I am not sure why or how but some things are just in my brain, and if you are lucky they will stay in there.
So I am sitting there with my gigantic backpack on my way home from a hard day of learning when two elderly women get in the train. Like usual, I give up my seat and the older of the two take it and thank me. No problem. The young lady sitting next to me was not so generous with her seat. Of course with the peering eyes of the second older lady, myself, and a gentleman next to me she eventually gave up her seat but not without a huff and grunt. At the next stop an older lady got on with a walker. And as she held on to her walker and a pole for dear life, being rocked like a rag doll, young folks are happily seated playing with their gadgets and reading the locals news rags. Like the obnoxious American I am, I walk over to her and suggest it would be kind if one of these young people offer there seat to someone with a walker.
I am not a goody girl scout or nothin, I just think this is common courtesy. If someone is in some way disabled (blind, broken leg, etc) or carrying a child (either in arms or in belly) I offer the same courtesy. I think it is just a nice thing to do. When has something so simple become such an inconvenience?
Today in class:
We are discussing diversity and culture. Today we had to get into groups and mention one thing about any religion. One simple thing, that’s it. I suggested Catholics and confession. I think it is good for people to learn that different religions/cultures/etc have different values/morals/ethics/etc. I do think it is a bit sad that at a college level you need a class to tell you this. I learned this lesson as a kid. I once said I liked k.d. lang’s music but thought she was odd for “kissing” girls. My oldest brother smacked me on the back of my head and told me who she kissed was none of my business. Lesson learned.

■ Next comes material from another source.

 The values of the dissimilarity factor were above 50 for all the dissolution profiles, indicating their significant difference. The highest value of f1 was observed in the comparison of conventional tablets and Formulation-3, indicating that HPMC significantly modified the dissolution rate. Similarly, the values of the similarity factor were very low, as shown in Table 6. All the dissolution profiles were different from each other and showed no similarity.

Anyways my partner decided instead of talking about Catholics and such she would discuss how Judaism is the mother of all religions and how they all follow the principles of Jesus Christ as our savior. GREAT!!!! At this point I realize our group just failed it’s mission and I must distance myself from this mad man-lady. I simply state that she made a bold statement that not everyone might believe. Fair enough. But then she states that Jesus Christ IS our savior, and asks if I can at least acknowledge that. I told her I would do no such thing because my personal beliefs do not matter, the point being not everyone will believe Jesus is our savior. Again, fair play. Finally she asks me how I can argue with historical facts. HISTORICAL FACTS! (Yes, she repeated that twice emphasizing the words the second time just in case English is my second language and I do not understand the importance of the words historical and facts, both meaning ‘I am right and you can not argue with me’).
Anyway, this discussion lasted much longer than it should have and maybe I was in the wrong for spending 15 minutes arguing with a lady in her 60’s in front of 80 people. Perhaps I should have respected that she likes making bold statements, maybe that’s part of her culture. Maybe there is a lesson we both should learn.

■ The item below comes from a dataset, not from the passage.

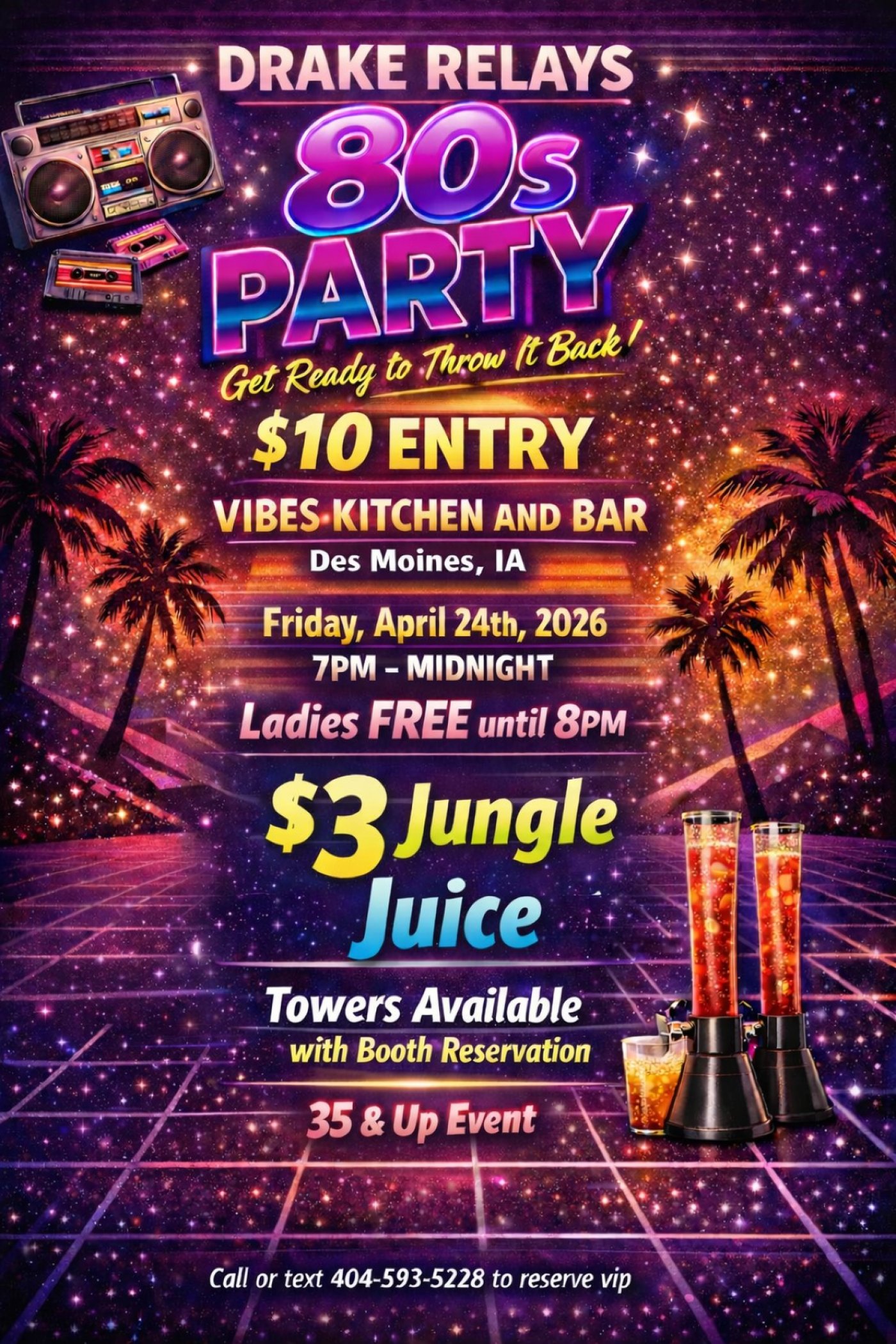 $10 entry, 35 and up event, 80s theme, ONLY 80s music, regular menu and drinks, dress like its the 1980s

I love pickles. A lot. Here is a little secret I rarely share. Not too long ago, while hanging out with Ryan, your dear friend Shalome ate a whole jar of pickles. To herself. In one night. A whole jar.
I love pickles so much I decided to make my own. There is never enough pickle spices in a jar for my taste.
The pickle preserving process is much easier than I imagined. There is no cooking prior to jarring. Just boil the liquids and add them to all the greatness in the jars. I used an online video instead of my handy book of preserving so I was nervous. One problem I faced was getting the jars to properly seal. After a long steaming process they closed but I am still a bit wary. Lets wait till it’s test time.
I ended up with six jars of these things, a few I will surely pawn off on Amie. So far I am proud of all my jarring/canning/preserving success.